By Group "Nebula"
Blog 3: Dataset for model training
Introduction
In this blog post, we will detail our dataset preparation for model training. We want to prepare different datasets using different preprocessing techniques in NLP and compare their performance in machine learning model.
Data Cleaning
We first clean the text data by removing English stopwords from the NTLK pachage.
from nltk.corpus import stopwords
def remove_stopwords(input_text):
stopwords_list = stopwords.words('english')
# Some words which might indicate a certain sentiment are kept via a whitelist
whitelist = ["n't", "not", "no"]
words = input_text.split()
clean_words = [word for word in words if (word not in stopwords_list or word in whitelist) and len(word) > 1]

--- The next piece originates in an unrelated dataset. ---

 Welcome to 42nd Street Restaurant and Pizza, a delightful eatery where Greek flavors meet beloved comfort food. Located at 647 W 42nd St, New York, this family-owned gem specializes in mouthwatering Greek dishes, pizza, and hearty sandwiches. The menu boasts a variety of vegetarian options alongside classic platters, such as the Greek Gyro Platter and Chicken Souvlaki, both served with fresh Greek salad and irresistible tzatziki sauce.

return " ".join(clean_words)
Exploratory Data Analysis (EDA)
We then perform exploratory data analysis (EDA) to get a glimpse of the text data we are working on. We plot the class count, word count and word cloud.
Tokenization
We tokenize the text data we get from previous steps using the the Keras Package.
from keras.preprocessing.text import Tokenizer
tk = Tokenizer(num_words = 10000,
filters = '!"#$%&()*+,-./:;<=>?@[\\]^_`{|}~\t\n',
lower = True,
split = " ")
tk.fit_on_texts(X1_train)
One-hot encoding
After tokenization, we encode the tokenized words using one-hot encoding.
import numpy as np
def one_hot_seq(seqs, nb_features = 10000):
ohs = np.zeros((len(seqs), nb_features))
for i, s in enumerate(seqs):
ohs[i, s] = 1.
return ohs
Bag-of-words (Bow)
We also explore Bag-of-Words as an alternative to one-hot encoding. The cleaned text is encoded using Bag-of-words in which the frequency of individual word is recorded.

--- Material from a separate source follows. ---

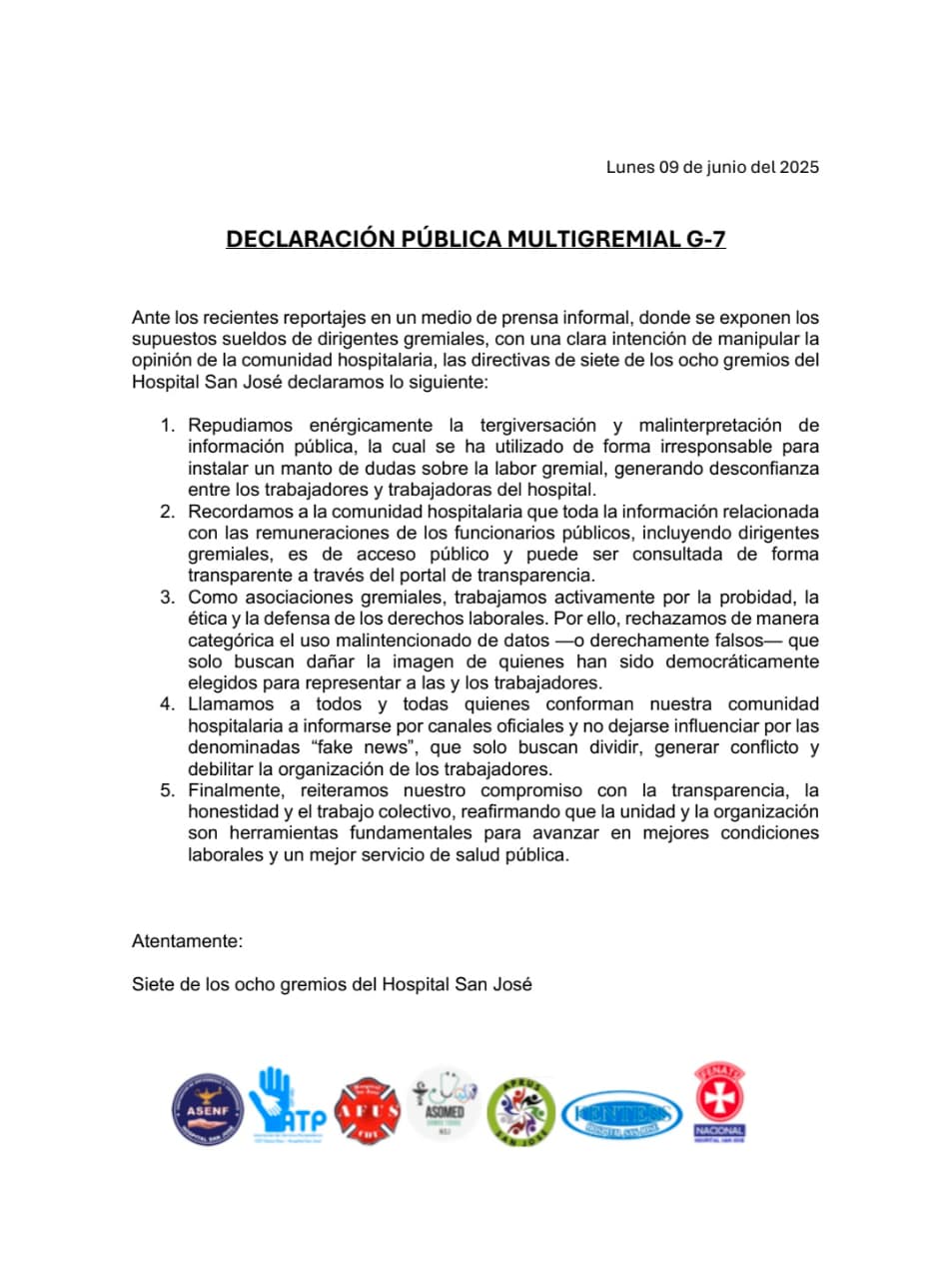 Por otra parte, como dirigentes gremiales (7 gremios), repudiamos la manipulación y tergiversación de información sobre supuestos, bajo acusaciones carentes de sustento que intentan desacreditar el trabajo gremial de un grupo de dirigentes.

from sklearn.feature_extraction.text import CountVectorizer
vec = CountVectorizer(stop_words='english', max_features=10000)
X4_train_bow = vec.fit_transform(X4_train)

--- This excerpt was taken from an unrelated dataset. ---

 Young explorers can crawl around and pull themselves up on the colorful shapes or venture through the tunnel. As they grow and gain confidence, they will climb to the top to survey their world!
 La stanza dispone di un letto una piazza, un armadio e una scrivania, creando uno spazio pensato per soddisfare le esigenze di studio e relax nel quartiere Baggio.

X4_test_bow = vec.transform(X4_test)
Sentiment Analysis
We perform sentiment analysis on the cleaned text to obtain sentiment scores.
from nltk.sentiment.vader import SentimentIntensityAnalyzer
sid = SentimentIntensityAnalyzer()
def get_sentiment(row, mode):
sentiment_score = sid.polarity_scores(row)
positive_meter = sentiment_score['pos']
negative_meter = sentiment_score['neg']
neutral_meter = sentiment_score['neu']
compound_meter = sentiment_score['compound']
if(mode=='positive'):
return positive_meter
if(mode=='neutral'):
return neutral_meter
if(mode=='negative'):
return negative_meter
if(mode=='compound'):
return compound_meter
raise ValueError
Datasets for Model Training
The above approaches (i.e. tokenization, one-hot encoding, bad-of-words and sentiment analysis) in data-preprocessing are used to prepare different dataset for model training. The following are the datasets:
- Dataset 1: One-hot Encoding (10000 features)
- Dataset 2: One-hot Encoding (20000 features)
- Dataset 3: One-hot Encoding (50000 features)
- Dataset 4: Bag-of-words (10000 features)
- Dataset 5: Bag-of-words (20000 features)
- Dataset 6: Bag-of-words (50000 features)
- Dataset 7: Sentiment Scores (Positive, Neutral, Negative)
- Dataset 8: Sentiment Scores (Compound)
- Dataset 9: Tokenized (10000 features)
We will test the performance of these datasets in different machine leaning model.